[Data shown]

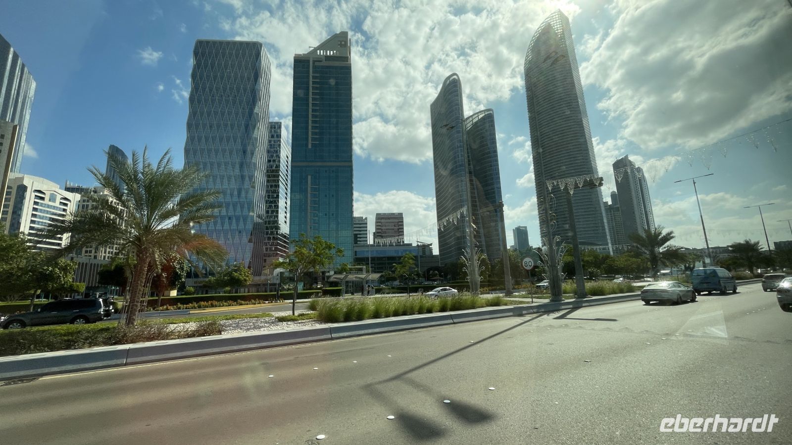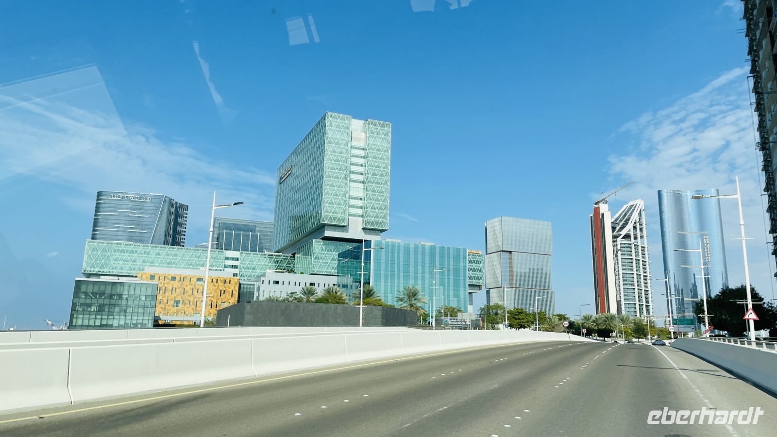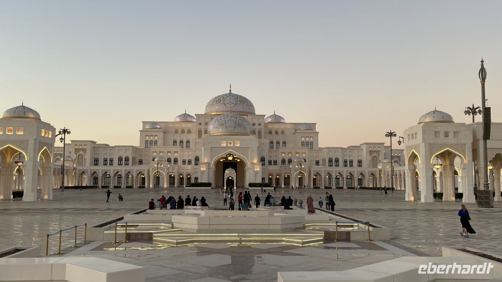 Unser zweiter Tag startet mit einem gediegenen Frühstück. Um 11:15 starten wir für unsere Stadtrundfahrt Teil 1 mit Reiseleiter Peter. Hierbei besuchen wir unter anderem die Formel1 Rennstrecke, wo wir sowohl die Tribünen, Boxengassen, Garagen sowie die VIP-Villen anschauen dürfen. Das Highlight zum Schluss, ist eine Rundfahrt auf der Rennstrecke. Am frühen Nachmittag geht es vorbei an Ferrari World und schließlich zum Louvre Museum. Dort legen wir erst einmal eine Mittagspause in einem Café ein, bevor wir mit unserem Reiseleiter einen zweistündigen Rundgang durch das Museum unternehmen. Gemeinsam bestaunen wir die großartigen Malereien, Mosaike, Artefakte und Skulpturen. Nach der Führung führt unsere Fahrt weiter entlang der Küstenpromenade Corniche zum Präsidenten Palast. Dort angekommen, bestaunen wir eine imposante Lichtershow, die an das Palast Gebäude projiziert wird. Im Palast selbst wohnt zu heutigen Zeiten niemand mehr. Es dient lediglich repräsentativen Zwecken bei staatlichen Besuchen. Nach diesen einmaligen Eindrücken fahren wir zurück in das Traders Hotel, wo das Abendessen bereits auf uns wartet.
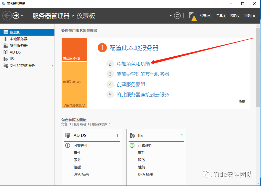 2、“开始”-“服务器管理”-“添加角色和功能”
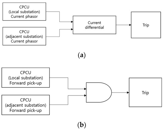 Figure 3a shows that the current differential protection element requires the current data from both sides of the protected element, such as a transmission line, a power transformer, and a busbar. Figure 3b shows that the distance-based directional comparison protection element detects a fault at a transmission line with each piece of forward pick-up data from both sides of the transmission line. Each CPCU can calculate an apparent impedance of a faulted line with voltage and current data and can detect a forward fault with the operating zone of the distance protection element. Therefore, if the forward pick-up of the CPCU at the local substation occurs and the forward pick-up GOOSE message arrives from the CPCU at the adjacent substation, the local CPCU sends a trip GOOSE message to the IMU corresponding to the faulted transmission line. This directional comparison protection element is used only for transmission-line protection.
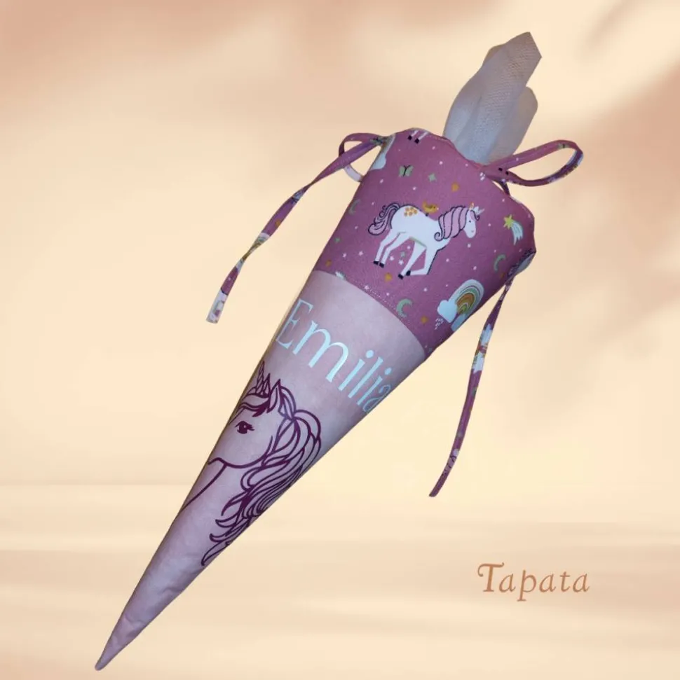 Die Schultüte kann auch als große Tüte (70cm) angefertigtwerden. Wichtig: Bitte hierzu gesondert Kontakt mit mir aufnehmen, da der Stoffnur in begrenzten Umfang vorhanden ist. Eine Spezialanfertigung wird dann aufAnforderung eingestellt.
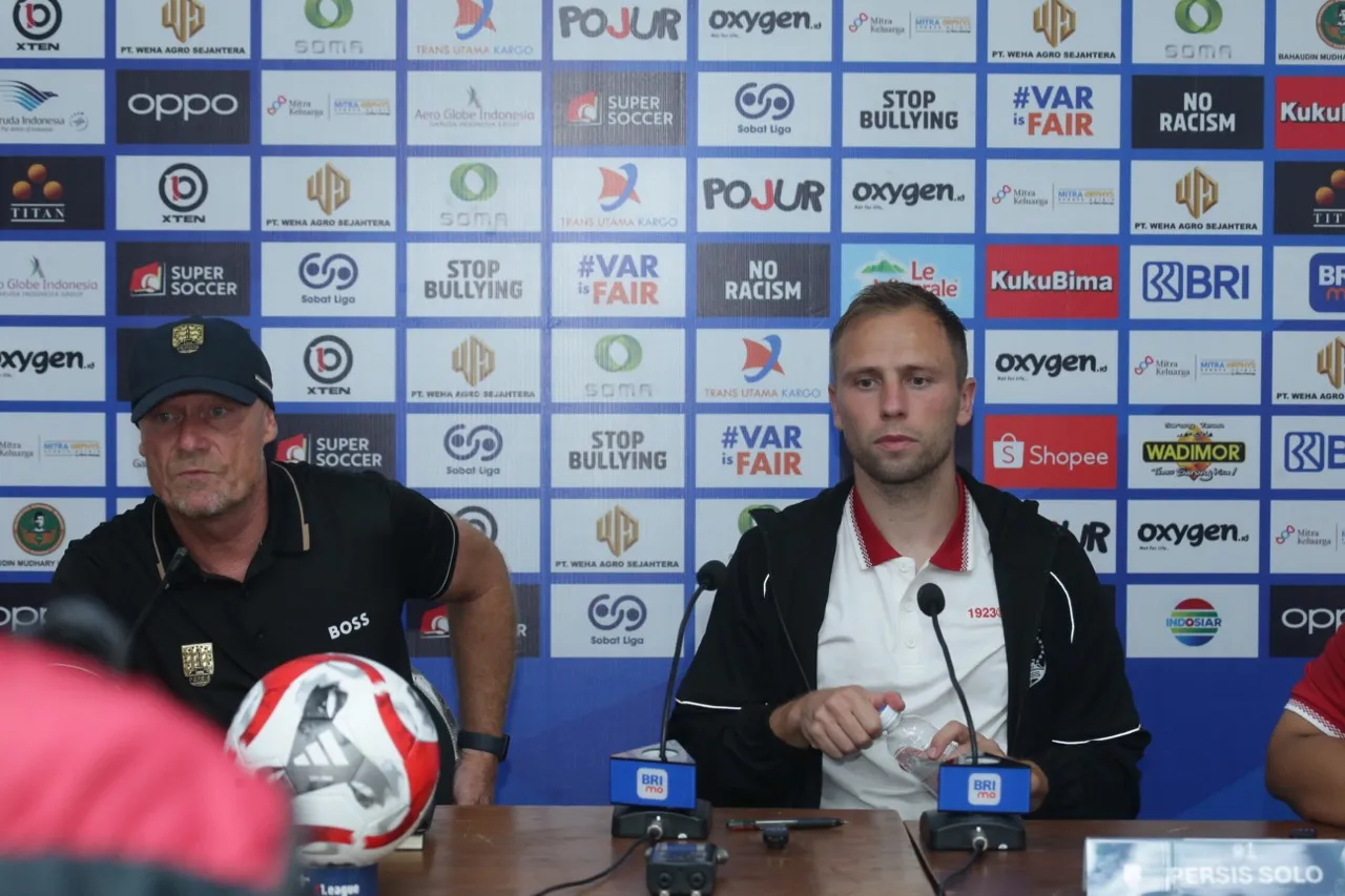 Liputanindo.id – Instruktur Persis Solo, Peter de Roo (kiri) dan bek Xandro Schenk (kanan) dalam press conference pascalaga Persis Solo melawan Madura United, Sabtu (9/8/2025) malam.
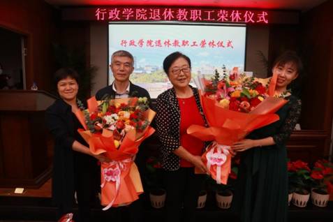 随后,张贤明经理为王彩波教授、常有余同志颁发荣休证书、荣休纪念奖杯,年轻老师为两位老师献上鲜花。
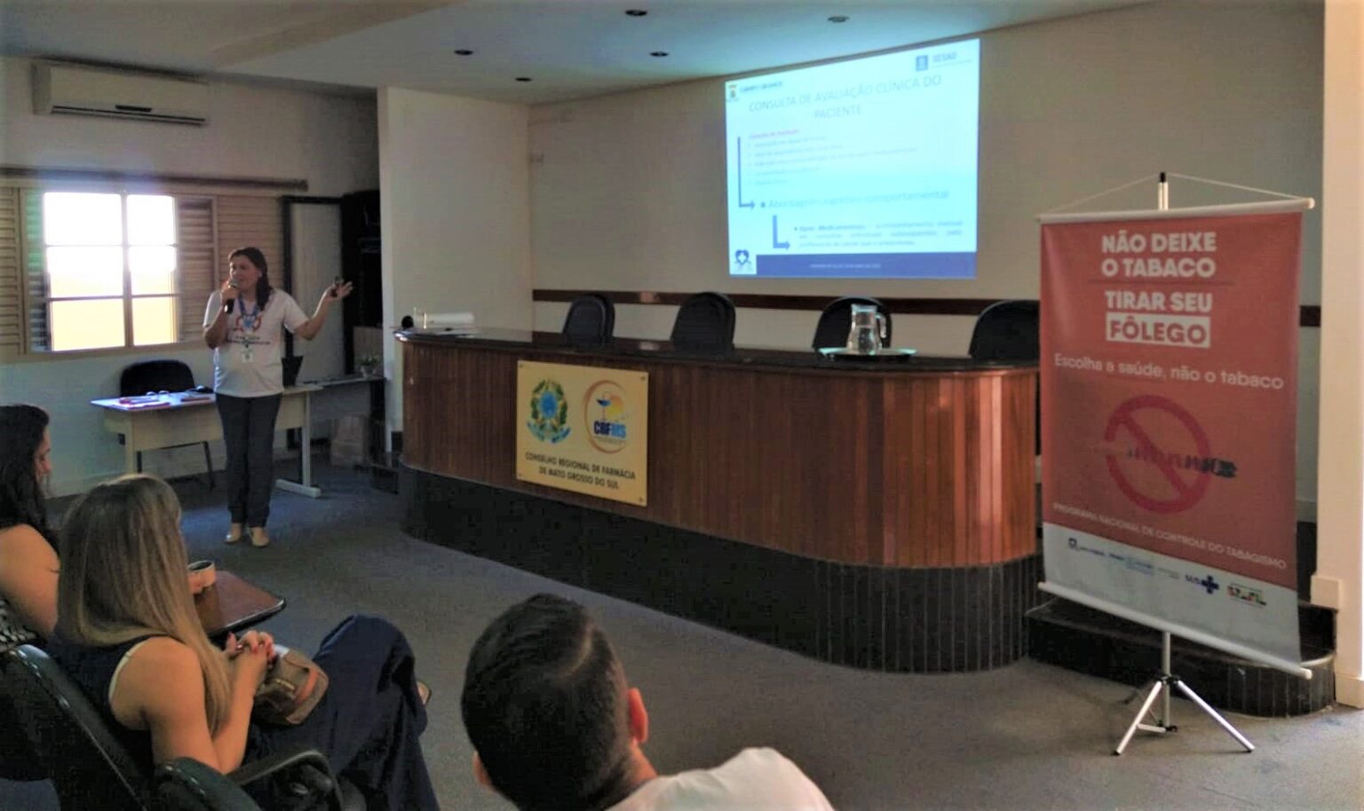De acordo com a gerente técnica do Programa de Tabagismo da Sesau, Mirelle Cabreira, mais de 50 profissionais, entre efetivos e residentes, estiveram presentes na capacitação realizada no auditório do Conselho Regional de Farmácia (CRF/MS).

[/Data shown]

_To do:_
The records above are to be copied exactly, without their pictures.

_Answer for the task:_
 Unser zweiter Tag startet mit einem gediegenen Frühstück. Um 11:15 starten wir für unsere Stadtrundfahrt Teil 1 mit Reiseleiter Peter. Hierbei besuchen wir unter anderem die Formel1 Rennstrecke, wo wir sowohl die Tribünen, Boxengassen, Garagen sowie die VIP-Villen anschauen dürfen. Das Highlight zum Schluss, ist eine Rundfahrt auf der Rennstrecke. Am frühen Nachmittag geht es vorbei an Ferrari World und schließlich zum Louvre Museum. Dort legen wir erst einmal eine Mittagspause in einem Café ein, bevor wir mit unserem Reiseleiter einen zweistündigen Rundgang durch das Museum unternehmen. Gemeinsam bestaunen wir die großartigen Malereien, Mosaike, Artefakte und Skulpturen. Nach der Führung führt unsere Fahrt weiter entlang der Küstenpromenade Corniche zum Präsidenten Palast. Dort angekommen, bestaunen wir eine imposante Lichtershow, die an das Palast Gebäude projiziert wird. Im Palast selbst wohnt zu heutigen Zeiten niemand mehr. Es dient lediglich repräsentativen Zwecken bei staatlichen Besuchen. Nach diesen einmaligen Eindrücken fahren wir zurück in das Traders Hotel, wo das Abendessen bereits auf uns wartet.
 2、“开始”-“服务器管理”-“添加角色和功能”
 Figure 3a shows that the current differential protection element requires the current data from both sides of the protected element, such as a transmission line, a power transformer, and a busbar. Figure 3b shows that the distance-based directional comparison protection element detects a fault at a transmission line with each piece of forward pick-up data from both sides of the transmission line. Each CPCU can calculate an apparent impedance of a faulted line with voltage and current data and can detect a forward fault with the operating zone of the distance protection element. Therefore, if the forward pick-up of the CPCU at the local substation occurs and the forward pick-up GOOSE message arrives from the CPCU at the adjacent substation, the local CPCU sends a trip GOOSE message to the IMU corresponding to the faulted transmission line. This directional comparison protection element is used only for transmission-line protection.
 Die Schultüte kann auch als große Tüte (70cm) angefertigtwerden. Wichtig: Bitte hierzu gesondert Kontakt mit mir aufnehmen, da der Stoffnur in begrenzten Umfang vorhanden ist. Eine Spezialanfertigung wird dann aufAnforderung eingestellt.
 Liputanindo.id – Instruktur Persis Solo, Peter de Roo (kiri) dan bek Xandro Schenk (kanan) dalam press conference pascalaga Persis Solo melawan Madura United, Sabtu (9/8/2025) malam.
 随后,张贤明经理为王彩波教授、常有余同志颁发荣休证书、荣休纪念奖杯,年轻老师为两位老师献上鲜花。
De acordo com a gerente técnica do Programa de Tabagismo da Sesau, Mirelle Cabreira, mais de 50 profissionais, entre efetivos e residentes, estiveram presentes na capacitação realizada no auditório do Conselho Regional de Farmácia (CRF/MS).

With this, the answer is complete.